Query Duration and Stability
- We enforce a max execution time per job
- Insights are chunked and processed incrementally
- Results are streamed into AWS Firehose for durability
Supporting On-Demand Drilldowns
- Real-time drill-downs are lazily evaluated - detailed data is only queried when requested by users, minimizing unnecessary computation and system load
- Support pagination, filters, and sorting via SQL wrappers
Global Multi-Region Support
- All configurations live in S3 and are available globally
- Each cloud region executes jobs for its assigned tenants
- Insight result tables are stored in Snowflake by region and partitioned by date
Gradual/Selective rollout
- Insights are gated via customer-segment feature flags
- Flags allow A/B testing and partial/gradual rollout
- Disabled insights are skipped in batch runs and hidden in UI
Trend Persistence and Retrospective Analysis
It was important to us that we be able to track the output of each insight execution over time - both for transparency and to enable retrospective analysis. So, every insight execution stores its output in Snowflake for longitudinal tracking:
CREATE TABLE insights_results (
tenant STRING,
insight STRING,
matched_count INT
)
Based on this data, we provide:
- Time-series charts
- Change detection alerts
UI Rendering Logic
On the frontend, our insights UI dynamically renders based on the configuration provided by the backend. The entity type declared in the insight JSON config drives both the icon used and the drill-down behavior, etc.
Here’s a simplified example of how we use this in our React UI:
const ENTITY_CONFIG = {
Device: {
icon: <DeviceIcon />, // custom React component
drillDownUrl: (id) => `/devices/${id}`
},
User: {
icon: <UserIcon />,
drillDownUrl: (id) => `/users/${id}`
},
Extension: {
icon: <ExtensionIcon />,
drillDownUrl: (id) => `/extensions/${id}`
}
};
function InsightRow({ insight }) {
const config = ENTITY_CONFIG[insight.entityType];
return (
<tr>
<td>{config.icon}</td>
<td>{insight.title}</td>
<td>
<a href={config.drillDownUrl(insight.entityId)}>
View Details
</a>
</td>
</tr>
);
}
This design allows the UI to remain schema driven, adapting automatically as new entity types and insights are introduced - no redeploy required.

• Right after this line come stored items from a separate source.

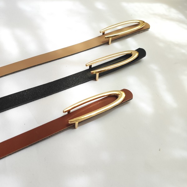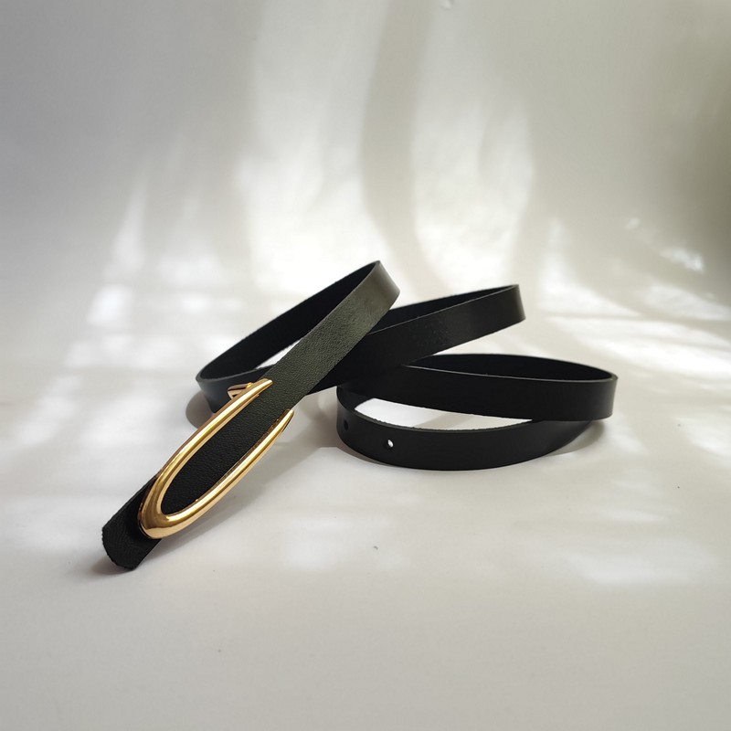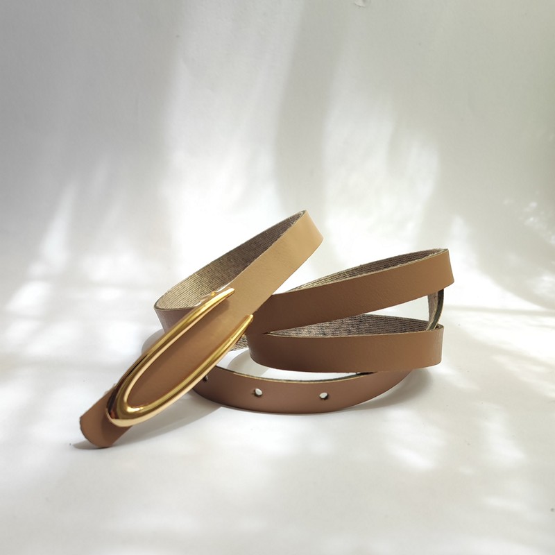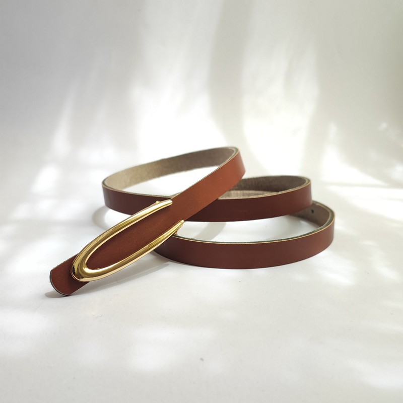 کمربند چرمی زنانه باریک با سگک طلایی – مدل مارال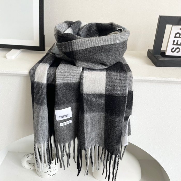 バーバリー 両面チェックカシミヤスカーフ 45x210cm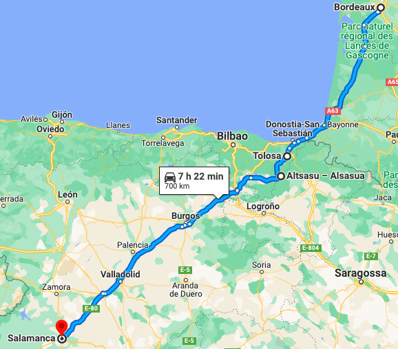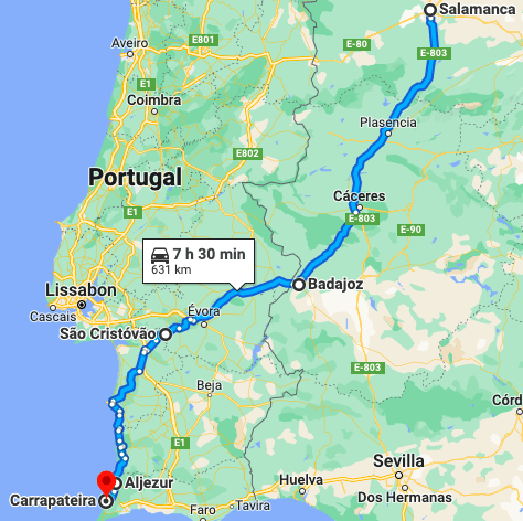 Erleichtert und beschwingt bezahle ich mein Frühstück und fahre zurück Richtung Autobahn, nehme jedoch nicht die Auffahrt, sondern überquere die Autobahn auf der Nationalstraße und fahre geradeaus in die Berge. Was sich allerdings nicht als gute Idee erweist, schon nach wenigen Minuten stehe ich im Stau einer Baustelle. Hinter der abwechselnd für den Verkehr bergab und bergauf freigegebenen Engstelle führt mich eine neue breite Nationalstraße über Tolosa auf den westlichsten Pyrennäenpass und hinab ins Navarra, im Tal biege ich nach rechts Richtung Vitoria ab, wo ich wieder auf meiner Hauptstrecke , der N1 Richtung Südwesten bin, hinter Vitoria entscheide ich mich für die langsamere, aber unterhaltsamere Nationalstraße, statt der mautpflichtigen, langweiligen Autobahn. Am frühen Abend bin ich in Valladolid und biege auf die E80 Richtung Portugal ab. Vor Salamanca geht rechts von mir spektakulär die Sonne hinter den Hügel Westspaniens unter.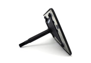 The plate holder is made of thick plate aluminum which is folded in a press break to add rigidity and eliminate any flex. It will not bend or flex under normal conditions.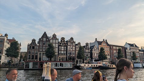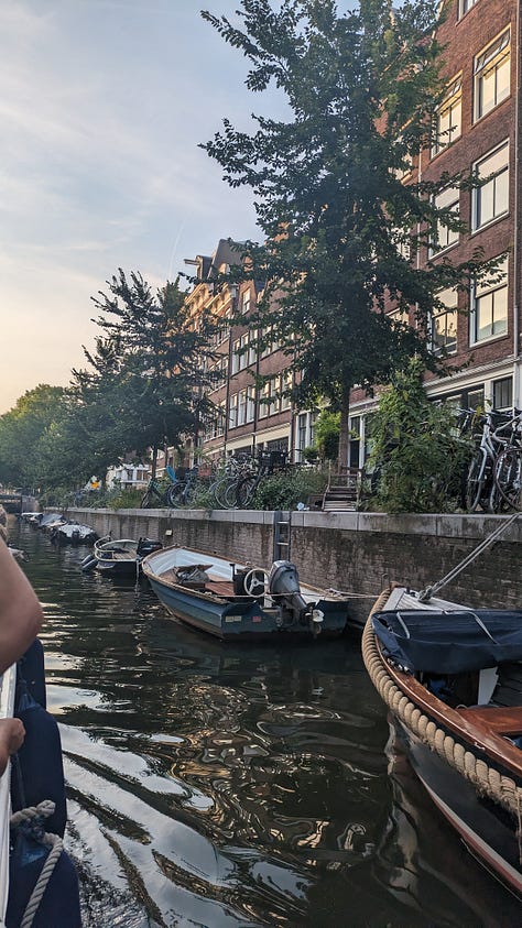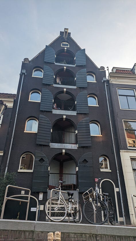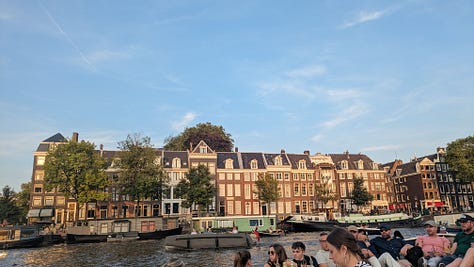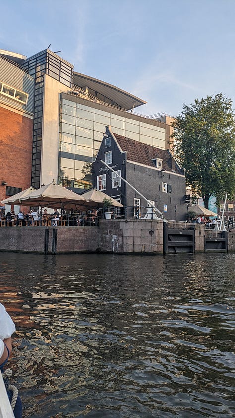 When I checked into my hostel (Durty Nelly’s) on the fourth floor of a red light district row house with classically steep stairs, nobody was socializing. So I charged my phone a bit and booked the last ticket on a cheap sunset canal boat tour. Things are very easy to book when you're alone! You do have to put up with some perceived judgement when you're the only one alone in the whole boat, but when a tour is going on, it's a little easier to turn off that social awkwardness radar. I learned on the tour that the three XXX on the Amsterdam flag stood for the flooding, fires, and plague the city had survived. Later on someone corrected me that they stood for valiant, decisive, and merciful, which I like a lot better and choose to accept as truth. When a city is this old, I think I can do that.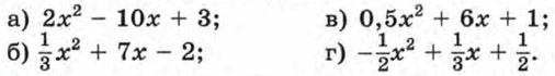 222. Найдите наибольшее или наименьшее значение квадратного трехчлена: а) 3x2 - 4x + 5; б) -3x2 + 12x. 223. Сумма положительных чисел а и b равна 40. При каких значениях а и b их произведение будет наибольшим? 224. Разложите на множители квадратный трехчлен: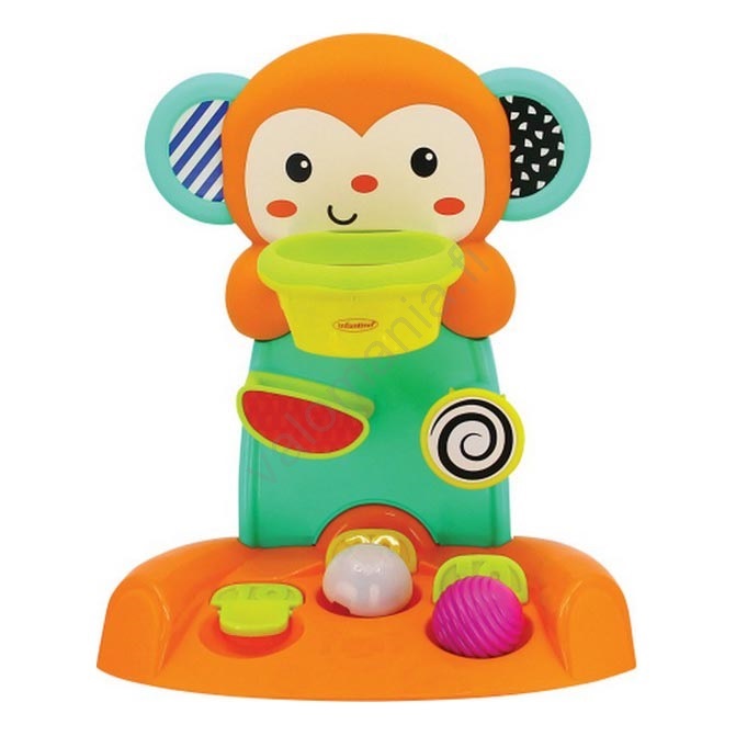 • Värikäs apinamallinen pelipöytä tarjoaa lapsellesi ensimmäisen harjoittelun koripallon heittämisessä.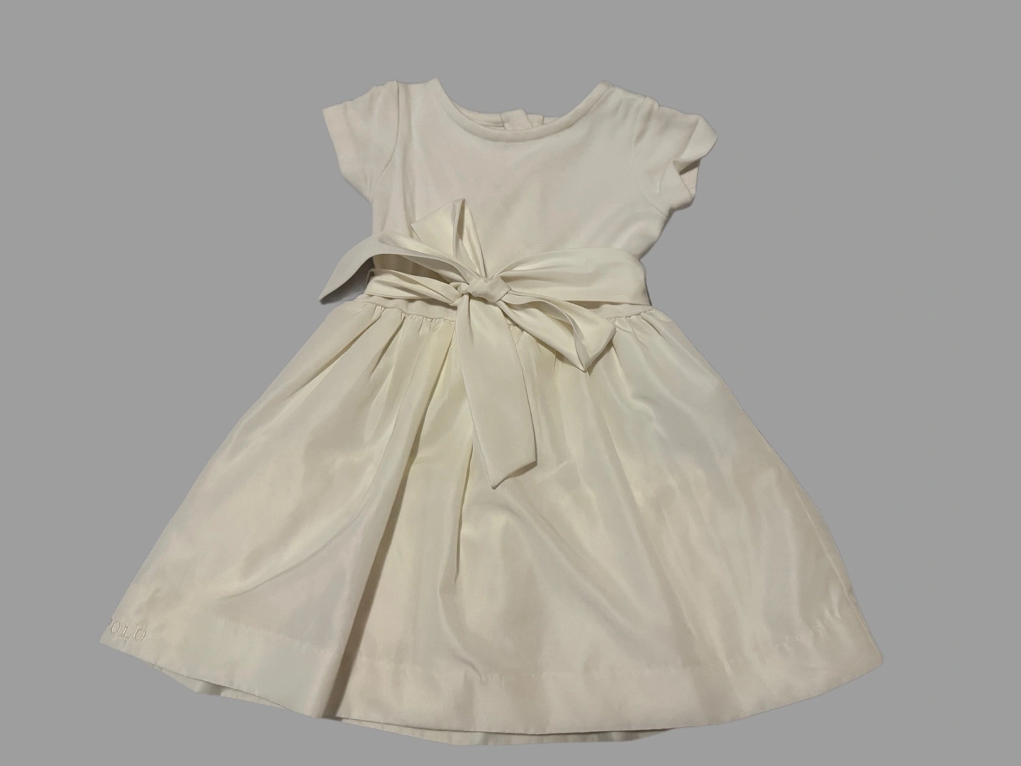This is a sweet Ralph Lauren dress for girls in an ivory colour! It features a cute bow at the waist. Perfect for a special occasion or just looking extra fancy!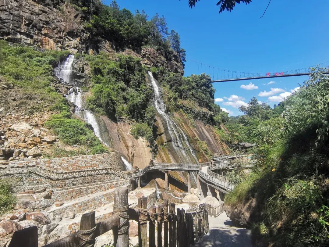 穿过青云桥,祝福各位都能平步青云;踏上由青石板铺上的寻仙路,领略栈道沿途地鸟声啾啾、水声潺潺;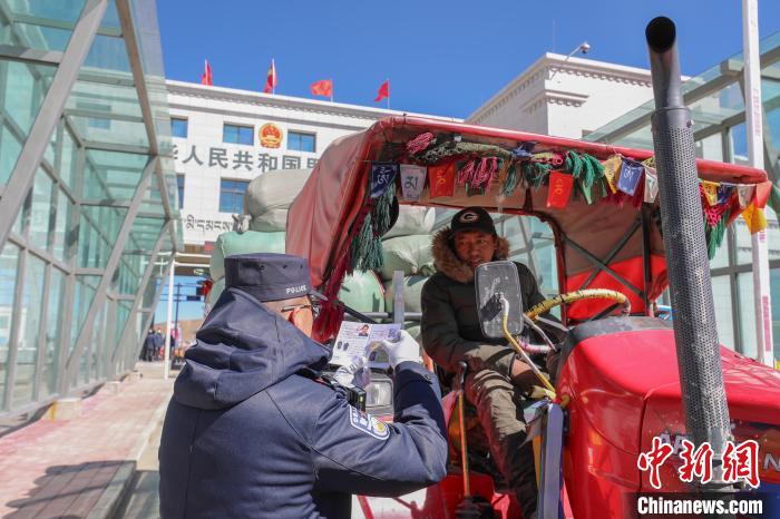 圖為里孜出入境邊防檢查站移民管理警察查驗(yàn)首臺(tái)通關(guān)車輛。郭遠(yuǎn)敬 攝
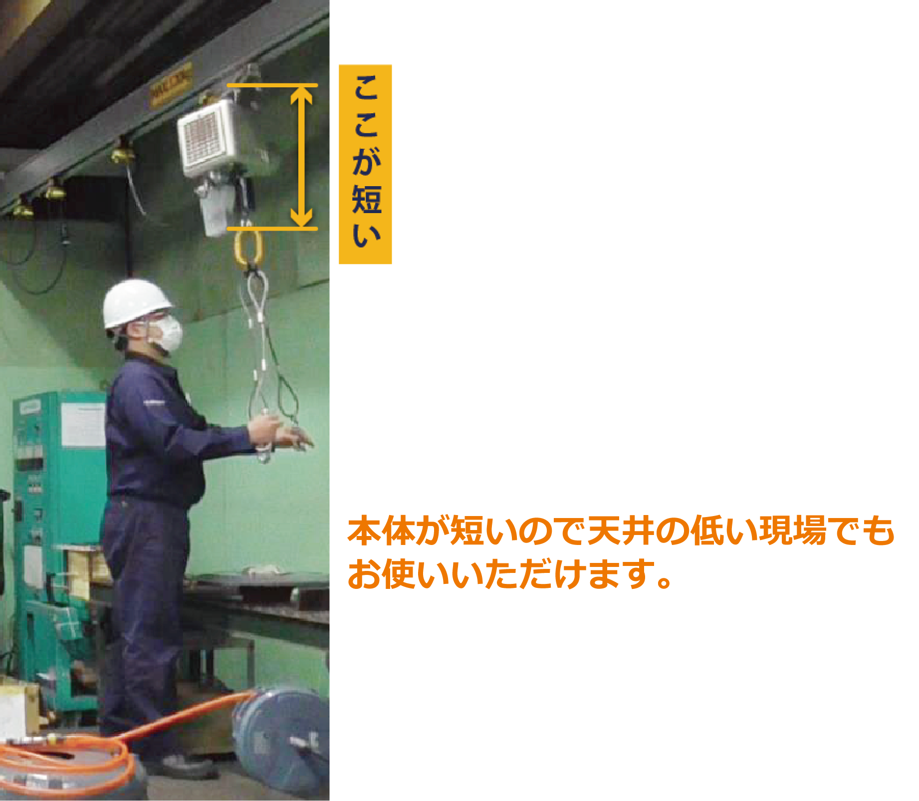 天井が低い現場だったので、一番高い位置までフックが巻き上がるムーンリフタを選定しました。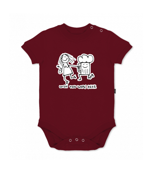 We make sustainable UAX clothing! - hand sewn in the Czech Republic uaxKids uaxAll productsBaby bodyBABY BODY SHORTdesign 1049 - WISH YOU WERE BEERDARK RED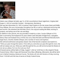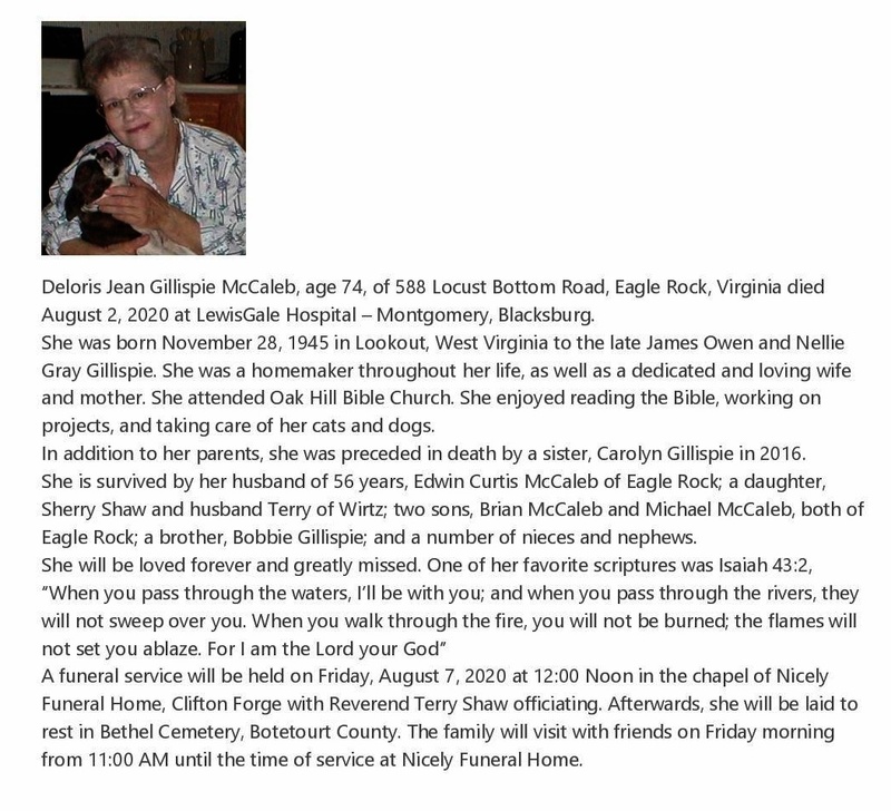 - Deloris Jean Gillispie McCaleb was born November 28, 1945 in Lookout, West Virginia to James Owen and Nellie Gray Gillispie. She married Edwin Curtis McCaleb. Her children include Sherry Shaw, Brian McCaleb, and Michael McCaleb. Deloris McCaleb died August 2, 2020, and is buried in Bethel Cemetery. She lived in Eagle Rock.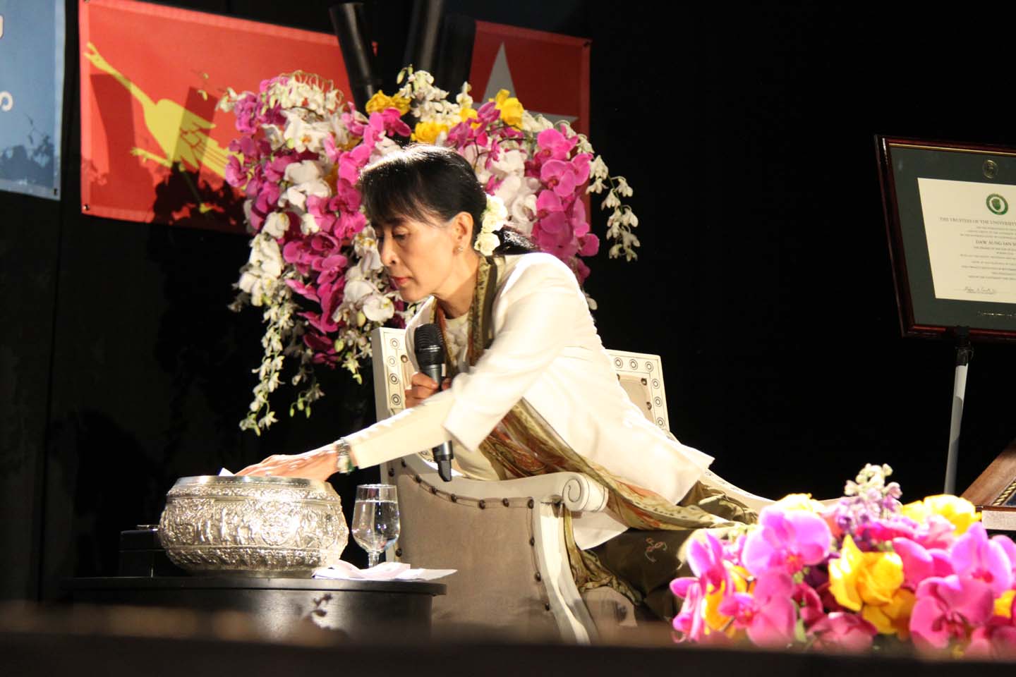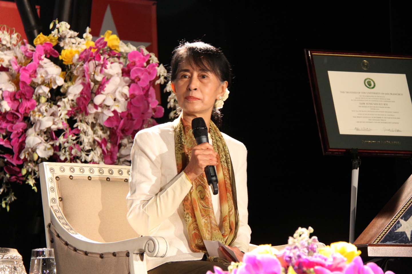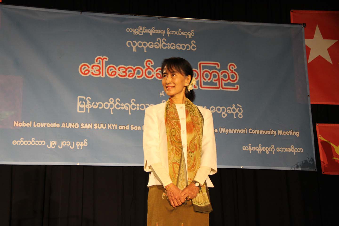 ယမန္ေန႔က ဆန္ဖရန္စစၥကိုေဘးဧရိယာ ျမန္မာတိုင္းရင္းသားမိသားစုမ်ားႏွင့္ ေဒၚေအာင္ဆန္းစုၾကည္ေတြ႔ဆုံပြဲကို ဆန္ဖရန္ျမိဳ႔ေတာ္၊ USF တကၠသိုလ္ပရ၀ုဏ္တြင္းရွိ အားကစားခမ္းမမွာ က်င္းပခဲ့သည္။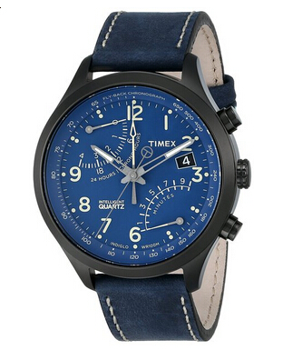Timex天美时这款男士手表,型号为T2P380,表带采用深蓝色皮革材质制成,耐磨抗皱,持久耐用;表盘是深蓝色,指针是白色,搭配黑色不锈钢表轮,看时间很清晰,而且时尚大气;该手表更设计有Indiglo夜灯方便夜间阅读,防水深度可达330英尺。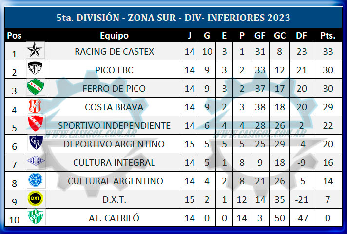 ZONA SUR QUINTA DIVISIÓN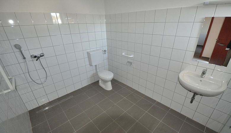 Mindegyik lakás az udvarra nyílik, ahol parkolók és a lakások előtt kisebb zöldterület van. Küszöb nélküliek a lakások: a bejárat tágas előszoba konyha helyiségbe nyílik, a fürdőszobák akadálymentesítettek és még az ablakok parapet magasságára is figyeltek a kialakításnál.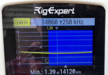 For this initial backyard test I used a set of four 13ft radials that lie mostly on the ground. I know this isn’t the most efficient way of providing the “other half” of an antenna. I have now improved on that by extending the support pole to 43 inches (109cm) and replaced the ground radials with two sloping, above ground radials with links for 15m, 17m and 20m.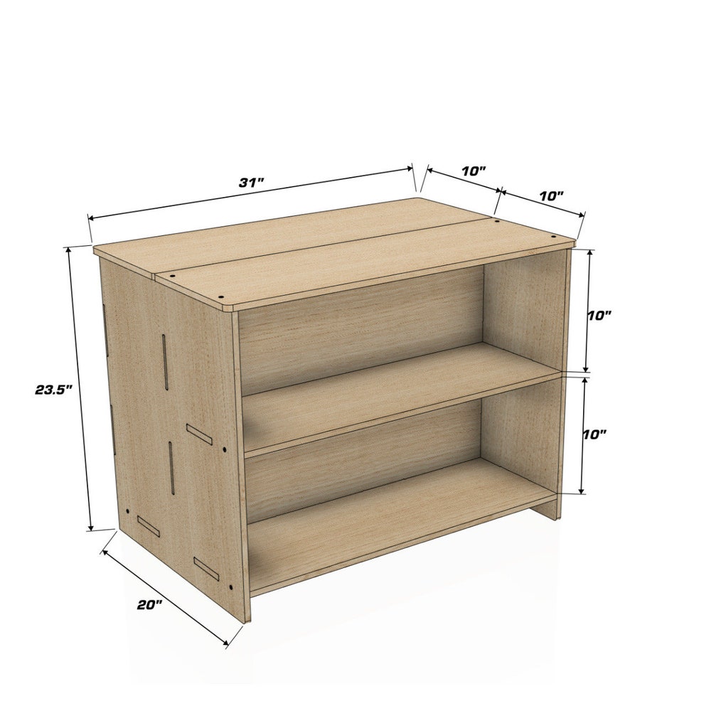 ★ Toy shelf is 20″ deep, 23.5″ tall, and 31″ wide.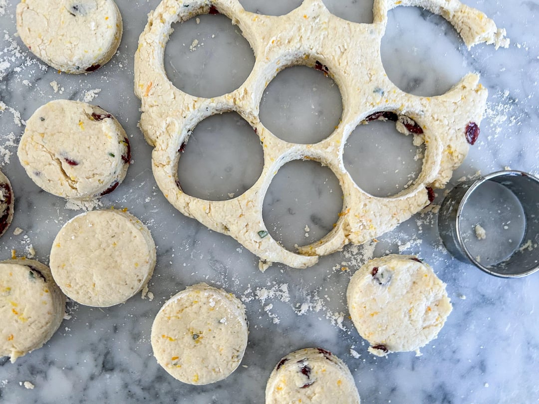 Winter-inspired scones filled with dried cranberries, rosemary, and orange zest.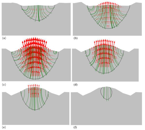 Different melting stages in SLM process. (a) Powder volume shrinkage and melt formation. (b) Spheroidization of melt pool due to Marangoni and surface tension forces. (c) Start of solidification. (d–f) Solidification of melt pool from edge toward center. Black line shows melt pool boundary, green lines show melt velocity streamlines, and red arrows show melt velocity vectors.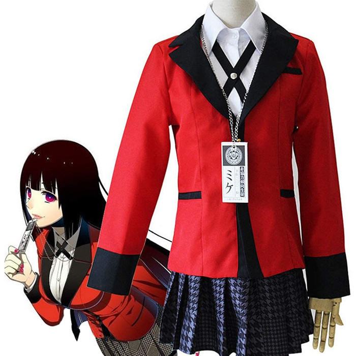 Косплей шкільна форма академії Хяккао Божевільний Азарт - Kakegurui XL, яку носять учні з сімей, які мають політичний та фінансовий вплив у світі. У закладі азартними іграми керує студентська рада. Тут також існує ієрархія, проти якої ніхто не сміє йти, інакше буде розправа.

Developer-Focused Benefits
This architecture wasn’t built just for analysts. It also significantly improves developer experience:
- No PRs and code reviews - just minor config reviews analytical changes
- Clear separation of concern between product logic and analytics
- Easier debugging with tenant-specific trace IDs and DLQs (Dead Letter Queue)
With config-based insights, devs can focus on core systems, not wiring up dashboards.
Why This Changes the Game
- No code deployments: Insights are added with config files
- Fast time-to-value: Analysts can ship insights in few minutes
- Real-time + batch: Hybrid execution path covers all needs
- Scalable by design: Event-driven, multi-tenant, and resilient
- Production-ready: Includes retries, metrics, and observability
- Autonomous teams: No need to involve developers for each insight
Final Thoughts
We turned observability into a product.
By rethinking the boundary between dev and analytics, we created a system that enables anyone to ship meaningful insights in minutes without risk or friction.
The payoff? Faster decisions. Happier developers. Better data for our users.
More importantly, we noticed a pattern that worked: static configuration as a control plane. Instead of embedding logic in code, we define behavior in a structured configuration that flows through validation, execution, and UI-without manual handoffs or deployment cycles.
This approach, which decouples logic from implementation, has already proven useful in other areas of our platform: custom dashboards, onboarding flows, and dynamic policy builders. The pattern scales across teams, use cases, and time.
We're continuing to improve the system by adding schema validation, config linting, real-time alerts, and dynamic routing. But at its core, it's still structured configuration, SQL, and CI - simple tools that enable powerful outcomes. So If you're tired of the old way of delivering analytics, this is your invitation to rethink what’s possible.
Simple tools. Scalable system. Enduring architecture.